| Work item |
Your copy should match the records below word for word and contain no pictures.

[Dataset records]
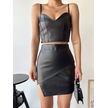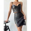 Kapaklı Asimetrik Model Deri Etek Siyah S240106 Siyah
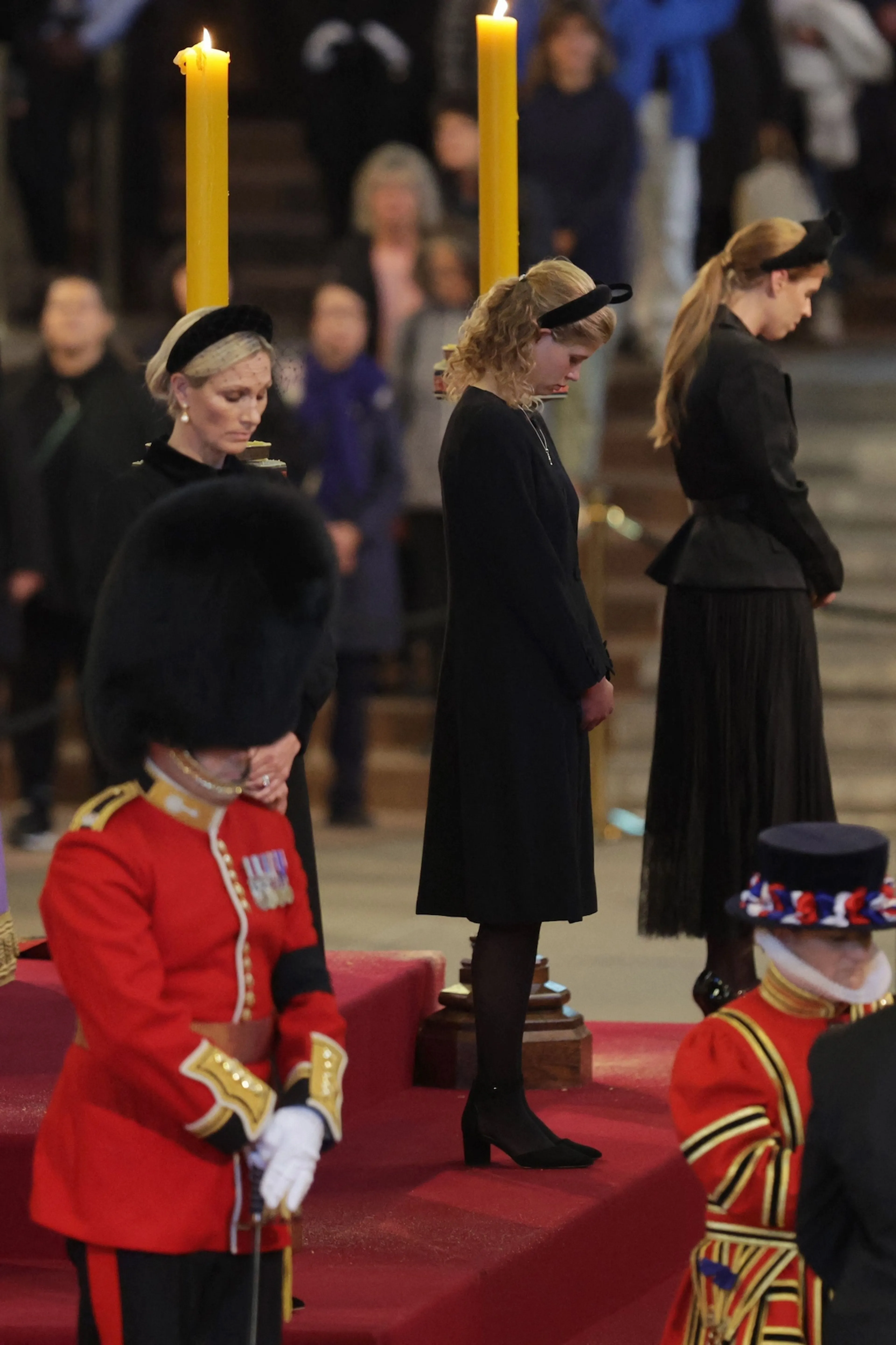 Net als de vier kinderen van Elizabeth, die vrijdagavond over haar waakten, keken ook de kleinkinderen het gehele kwartier naar beneden. Prins Edward en zijn vrouw Sophie, de ouders van Louise en James, keken van een afstand toe.
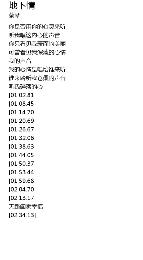 | [02:21.92] | 天路阖家幸福 |
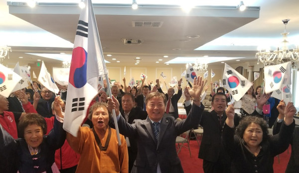 샌디에고 백황기 회장을 비롯한 참석자들이 김병대 전 한인회장의 선창에 따라 만세삼창을 외치고 있다.
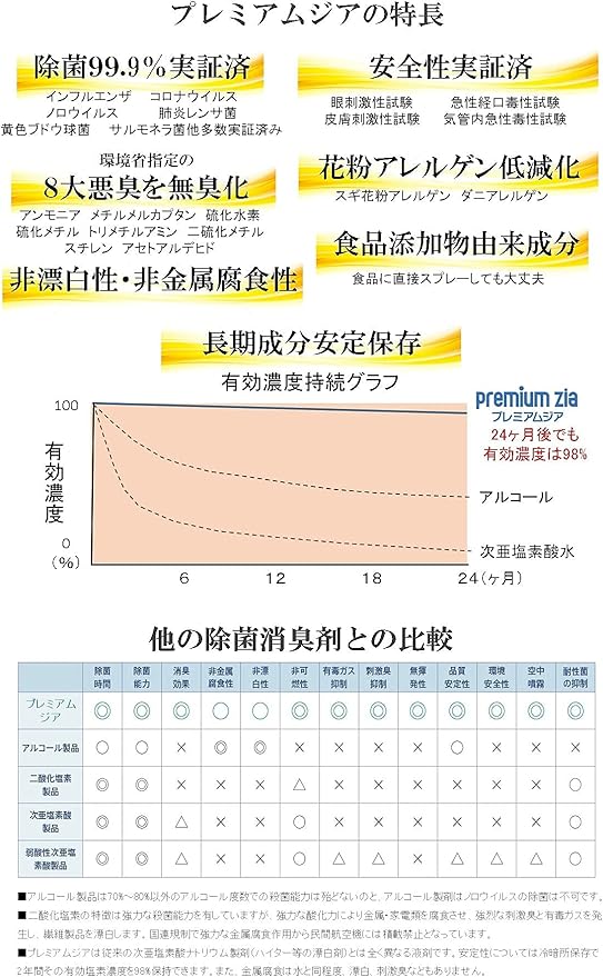 【エビデンスに裏付けられた除菌・消臭力】安定型次亜塩素酸イオンの力で、細菌やウイルス等を99.9%以上除菌します。さらに環境省が設定する8大悪臭の原因物質を分解・除去し、強力な消臭効果を発揮します。
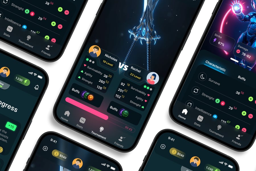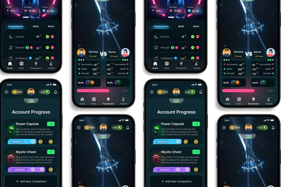 **Battle Game** UI 套件的设计注重易用性和一致性,让您轻松创建美观实用的移动应用。每个元素都经过精心设计,完全可自定义,并可根据您的品牌进行调整。无论您是设计社交应用、电商应用还是生产力工具,此套件都能让您灵活地将创意轻松转化为现实。
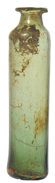 | 4b | lange, smalle cilindrische fles met korte rechte of conische hals en horizontale lip, opgestoken bodem of standvlak met pontilmerk |
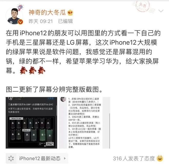 根据网友们的说法,本次iPhone 12“绿屏”问题涉及到的机型为iPhone 12 mini、iPhone 12、iPhone 12 Pro和iPhone 12 Pro Max。

| Exercise output |
 Kapaklı Asimetrik Model Deri Etek Siyah S240106 Siyah
 Net als de vier kinderen van Elizabeth, die vrijdagavond over haar waakten, keken ook de kleinkinderen het gehele kwartier naar beneden. Prins Edward en zijn vrouw Sophie, de ouders van Louise en James, keken van een afstand toe.
 | [02:21.92] | 天路阖家幸福 |
 샌디에고 백황기 회장을 비롯한 참석자들이 김병대 전 한인회장의 선창에 따라 만세삼창을 외치고 있다.
 【エビデンスに裏付けられた除菌・消臭力】安定型次亜塩素酸イオンの力で、細菌やウイルス等を99.9%以上除菌します。さらに環境省が設定する8大悪臭の原因物質を分解・除去し、強力な消臭効果を発揮します。
 **Battle Game** UI 套件的设计注重易用性和一致性,让您轻松创建美观实用的移动应用。每个元素都经过精心设计,完全可自定义,并可根据您的品牌进行调整。无论您是设计社交应用、电商应用还是生产力工具,此套件都能让您灵活地将创意轻松转化为现实。
 | 4b | lange, smalle cilindrische fles met korte rechte of conische hals en horizontale lip, opgestoken bodem of standvlak met pontilmerk |
 根据网友们的说法,本次iPhone 12“绿屏”问题涉及到的机型为iPhone 12 mini、iPhone 12、iPhone 12 Pro和iPhone 12 Pro Max。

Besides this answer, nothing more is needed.